Steve got the _worst-case_ cpu_clock() difference down to 60 usecs not
so long ago. It might have regressed since then, it's really hard to do
it without cross-CPU synchronization.
( But it's not impossible, as Steve has proven it, because physical time
goes on linearly on each CPU so we have a chance to do it: by
accurately correlating the GTOD timestamps we get at to-idle/from-idle
times to the TSC. )
And note that i'm not only talking about cross-CPU synchronization, i'm
also talking about _single CPU_ timestamps. How do you get it right with
TSCs via a pure postprocessing method? A very large body of modern CPUs
will halt the TSC when they go into idle. (about 70% of the installed
base or so)
Note, we absolutely cannot do accurate timings in a pure
TSC-post-processing environment: unless you want to trace _every_
to-idle and from-idle event, which can easily be tens of thousands of
extra events per seconds.
What we could do perhaps is a hybrid method:
- save a GTOD+TSC pair at important events, such as to-idle and
from-idle, and in the periodic sched_tick(). [ perhaps also save it
when we change cpufreq. ]
- save the (last_GTOD, _relative_-TSC) pair in the trace entry
with that we have a chance to do good post-processed correlation - at
the cost of having 12-16 bytes of timestamp, per trace entry.

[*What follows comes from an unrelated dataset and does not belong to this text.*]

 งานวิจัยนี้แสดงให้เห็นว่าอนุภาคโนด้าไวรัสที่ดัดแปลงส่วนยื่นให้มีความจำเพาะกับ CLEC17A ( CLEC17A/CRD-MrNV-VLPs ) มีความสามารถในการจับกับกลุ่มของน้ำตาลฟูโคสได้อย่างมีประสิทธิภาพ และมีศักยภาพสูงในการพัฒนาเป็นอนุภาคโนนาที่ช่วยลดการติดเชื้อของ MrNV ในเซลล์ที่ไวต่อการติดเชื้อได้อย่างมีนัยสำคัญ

Or we could upscale the GTOD to 'TSC time', at go-idle and from-idle.
Which is rather complicated with cpufreq - which frequency do we want to
upscale to if we have a box with three available frequencies? We could
ignore cpufreq altogether - but then there goes dependable tracing on
another range of boxes.
i very much used early code tracing with ftrace in the past. In fact
once i debugged and early boot hang that happened so early before
_PRINTK_ was not functional yet (!).
So, to solve this bug, i hacked ftrace to use early_printk(), to print
out the last 10,000 functions executed before the hang - and that's how
i found the reason for the hang - i captured a huge trace via a serial
console. It was dead slow to capture, but it worked and sched_clock()
worked just fine in that kind of usecase as well.

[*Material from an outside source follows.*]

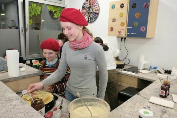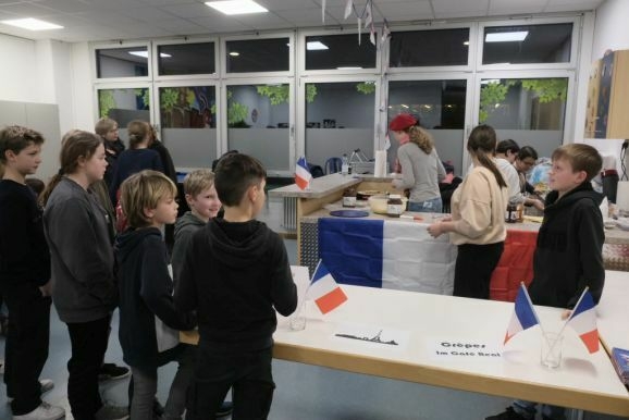 Rund um das Café Real war für die Verpflegung mit Kaffee und Kuchen, aber auch Deftigerem wie Quiche und Würstchen gesorgt. Der Fachbereich Französisch kam mit seiner Creperie sehr gut an, teilweise bildeten sich lange Besucherschlangen vor dem Ausgabe-Tresen dieser süßen Verführung.
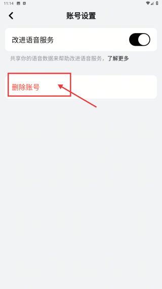 4、在賬號(hào)管理界面,點(diǎn)擊刪除賬號(hào)選項(xiàng),發(fā)起賬號(hào)刪除操作。

[ Note that we added tracing/fastboot recently (for v2.6.28), to enable
the tracing of early boot code timings. Havent had a problem with it
yet on x86. ]
i havent used a TSC-less CPU in 10 years, i'm not sure i get this point
of yours. (and IIRC the division by zero was exactly on such CPUs where
we divided by cpu_khz - that's why it could even regress.)

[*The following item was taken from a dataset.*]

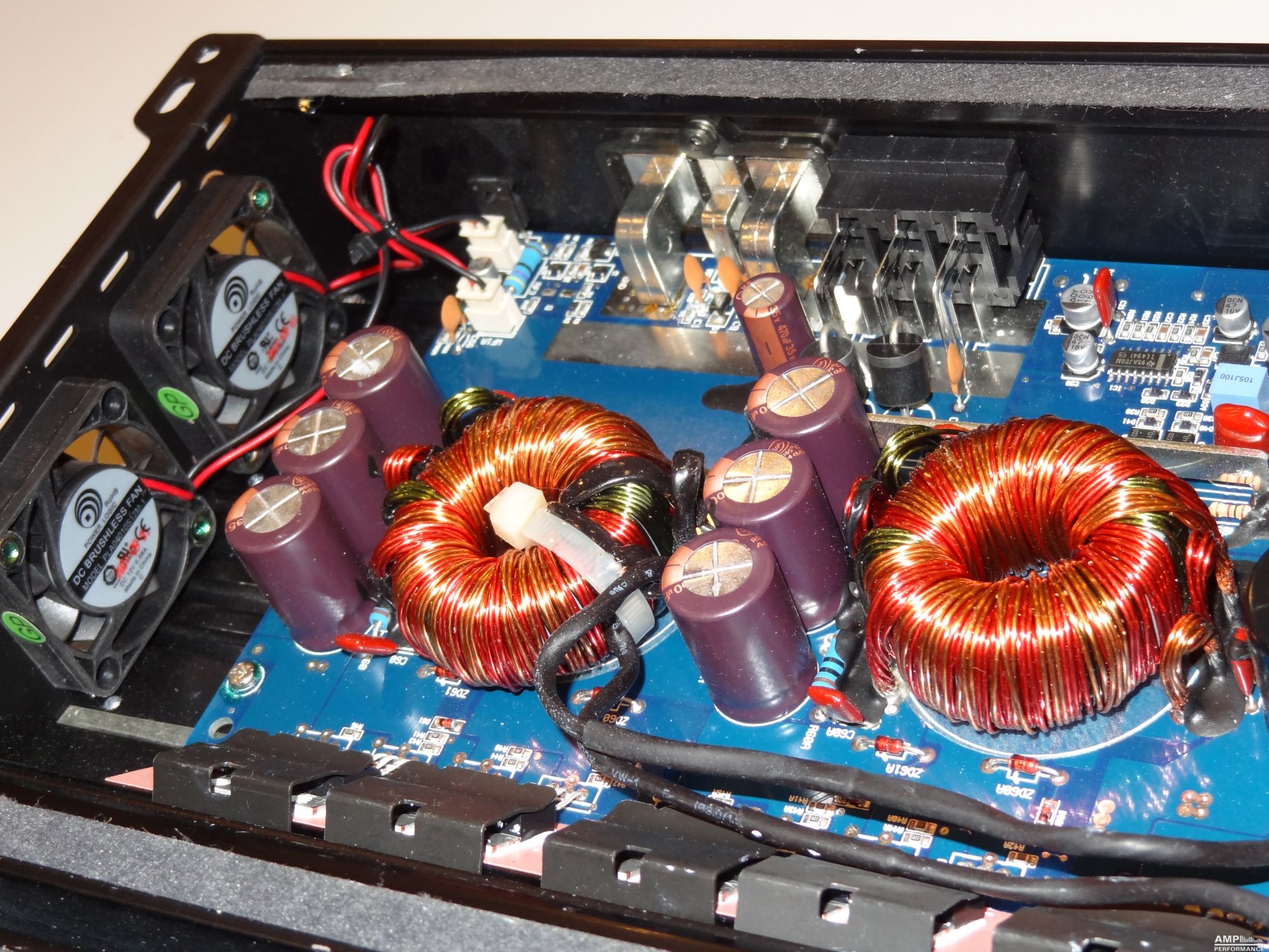 2 × 599 Watt Kanal 1 + 2 sowie 3 + 4 gebrückt an 2 Ohm bei 13,3V Versorgungsspannung

note that sched_clock() will use the TSC whenever it is there physically
- even if GTOD does not use it anymore.
i wrote my first -pg/mcount based tracer about 11 years ago, to learn
more about the kernel. I traced everything with it. I then used it to
find performance bottlenecks in the kernel, and i used it to learn
kernel internals - when i saw a function in the trace that i did not
recognize, i read the source code.
Scheduler tracing came much later into the picture - the -pg tracer was
written well _before_ it was used for latency tracing purposes. But it
is indeed a pretty popular use of it. (but by no means the only one)
Ingo
--